#### [Your goal]
Without any images, write the data out exactly as it appears.

#### [Data excerpt]
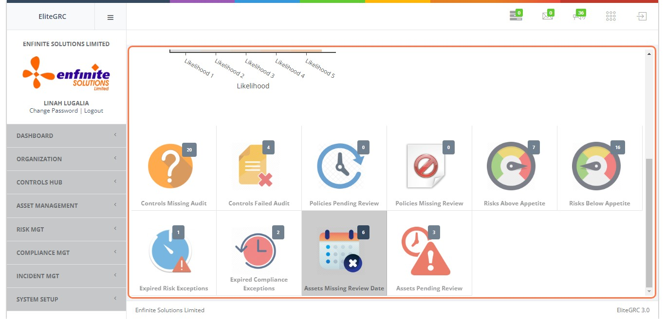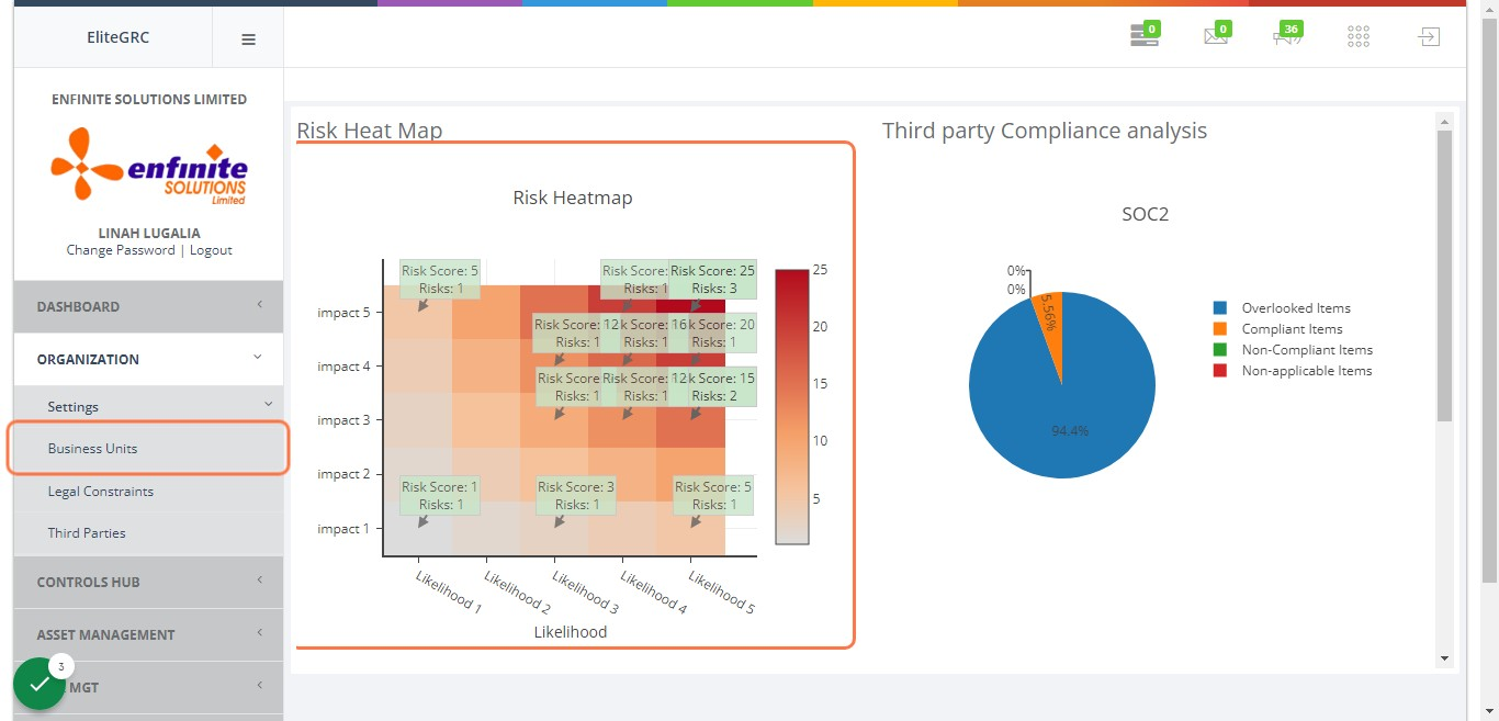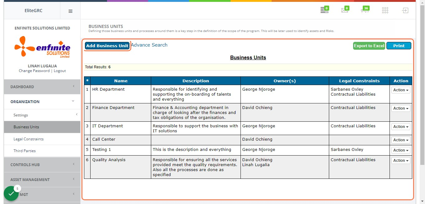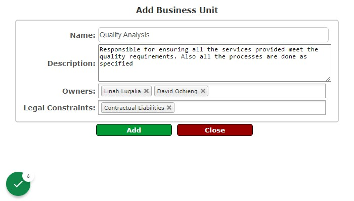 Business units are the different departments in the organizations. This module enables you to register them and the person in charge of a specific department and a description of the processes taking place around them which will be used later to identify assets and risks.
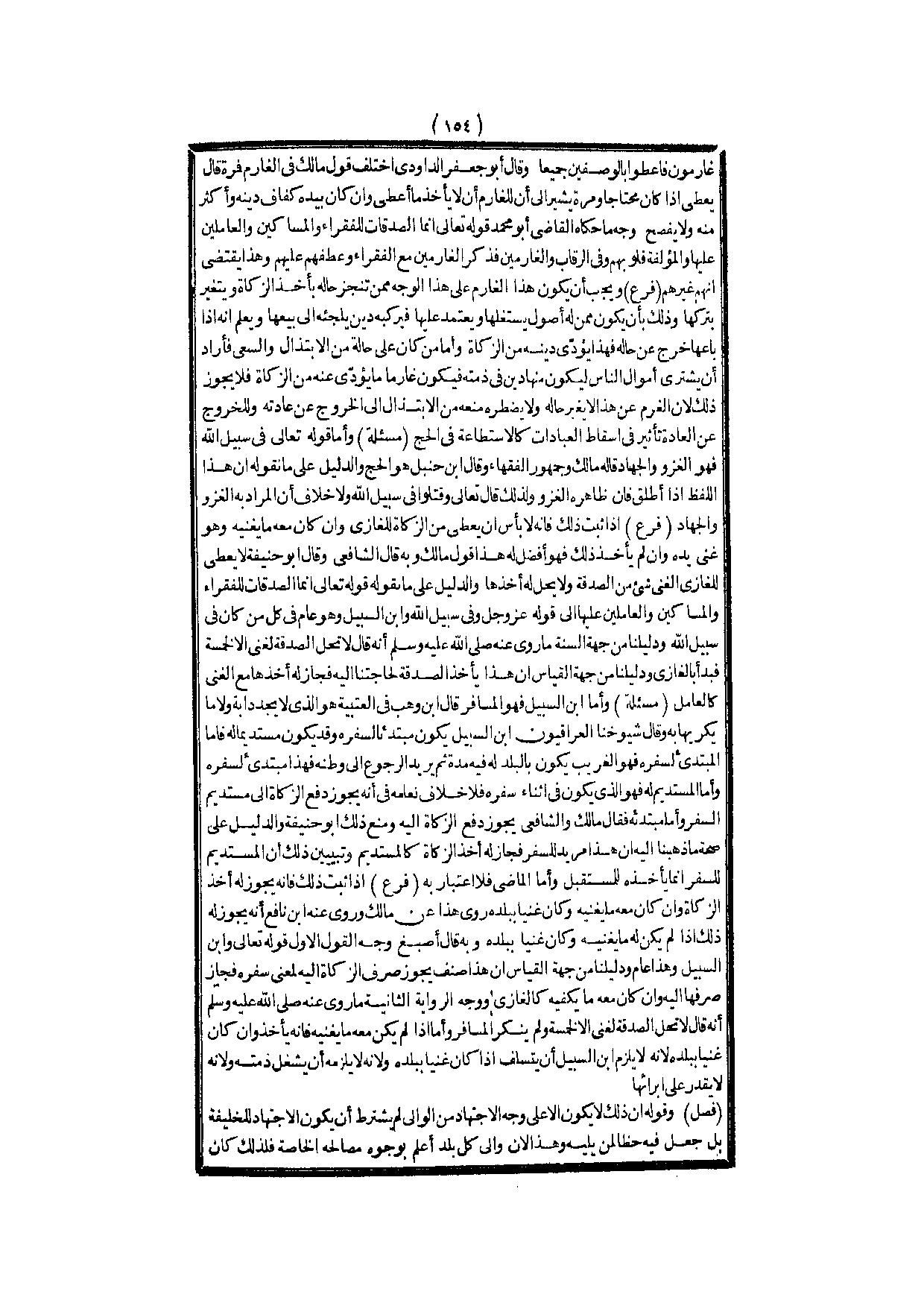 وَجْهُ الْقَوْلِ الْأَوَّلِ قَوْله تَعَالَى {وَابْنِ السَّبِيلِ} [الأنفال: 41] وَهَذَا عَامٌّ وَدَلِيلُنَا مِنْ جِهَةِ الْقِيَاسِ أَنَّ هَذَا صِنْفٌ يَجُوزُ صَرْفُ الزَّكَاةِ إلَيْهِ لِمَعْنَى سَفَرِهِ فَجَازَ صَرْفُهَا إلَيْهِ، وَإِنْ كَانَ مَعَهُ مَا يَكْفِيه كَالْغَازِي.
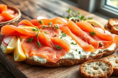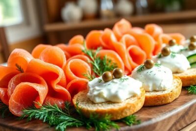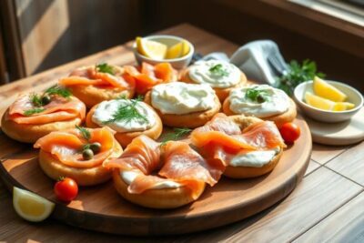 What are popular pairings with smoked salmon and cream cheese?

#### [Output of the task]
 Business units are the different departments in the organizations. This module enables you to register them and the person in charge of a specific department and a description of the processes taking place around them which will be used later to identify assets and risks.
 وَجْهُ الْقَوْلِ الْأَوَّلِ قَوْله تَعَالَى {وَابْنِ السَّبِيلِ} [الأنفال: 41] وَهَذَا عَامٌّ وَدَلِيلُنَا مِنْ جِهَةِ الْقِيَاسِ أَنَّ هَذَا صِنْفٌ يَجُوزُ صَرْفُ الزَّكَاةِ إلَيْهِ لِمَعْنَى سَفَرِهِ فَجَازَ صَرْفُهَا إلَيْهِ، وَإِنْ كَانَ مَعَهُ مَا يَكْفِيه كَالْغَازِي.
 What are popular pairings with smoked salmon and cream cheese?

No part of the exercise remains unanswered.